**Work required:** Find "Freude wachsen lässt." below and begin at its line; stop after the line with "Estetica e funzionalità". Output those lines exactly, without pictures.

**Records for processing:**
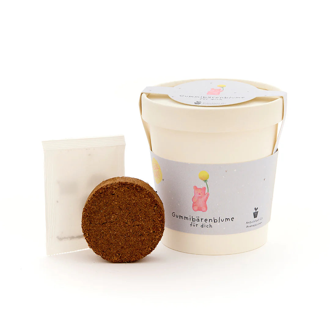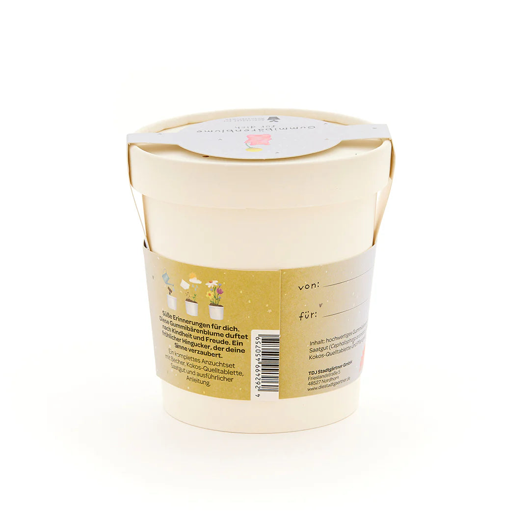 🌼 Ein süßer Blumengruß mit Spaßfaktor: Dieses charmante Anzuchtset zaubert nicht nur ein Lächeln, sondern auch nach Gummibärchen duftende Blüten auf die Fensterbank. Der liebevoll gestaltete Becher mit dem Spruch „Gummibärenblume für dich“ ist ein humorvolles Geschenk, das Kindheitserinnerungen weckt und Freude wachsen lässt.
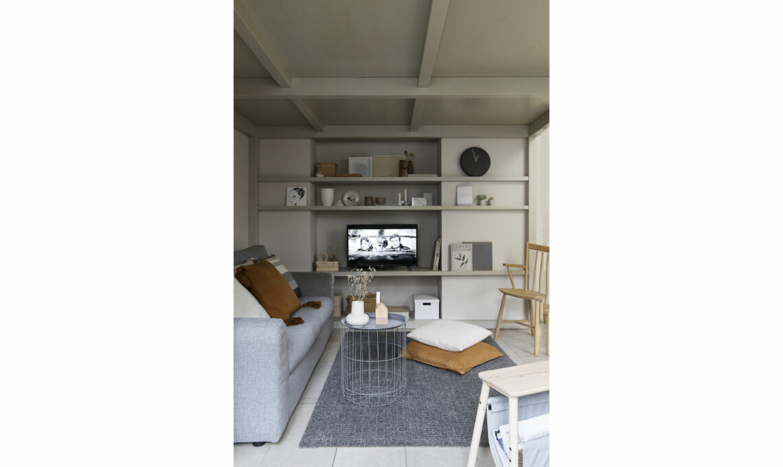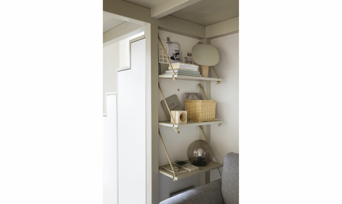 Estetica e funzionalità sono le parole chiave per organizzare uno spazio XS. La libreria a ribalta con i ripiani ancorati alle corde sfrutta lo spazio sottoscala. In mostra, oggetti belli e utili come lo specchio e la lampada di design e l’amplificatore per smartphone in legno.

---

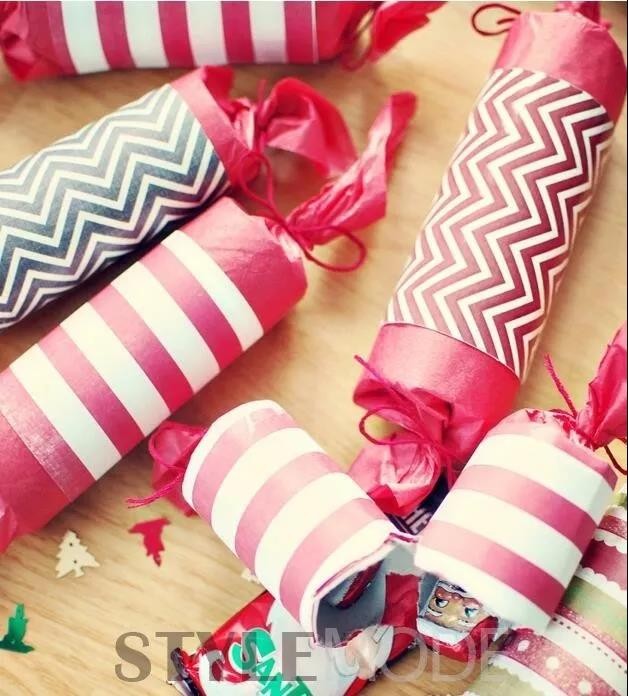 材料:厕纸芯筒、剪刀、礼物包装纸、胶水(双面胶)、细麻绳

**Output of the exercise:**
 🌼 Ein süßer Blumengruß mit Spaßfaktor: Dieses charmante Anzuchtset zaubert nicht nur ein Lächeln, sondern auch nach Gummibärchen duftende Blüten auf die Fensterbank. Der liebevoll gestaltete Becher mit dem Spruch „Gummibärenblume für dich“ ist ein humorvolles Geschenk, das Kindheitserinnerungen weckt und Freude wachsen lässt.
 Estetica e funzionalità sono le parole chiave per organizzare uno spazio XS. La libreria a ribalta con i ripiani ancorati alle corde sfrutta lo spazio sottoscala. In mostra, oggetti belli e utili come lo specchio e la lampada di design e l’amplificatore per smartphone in legno.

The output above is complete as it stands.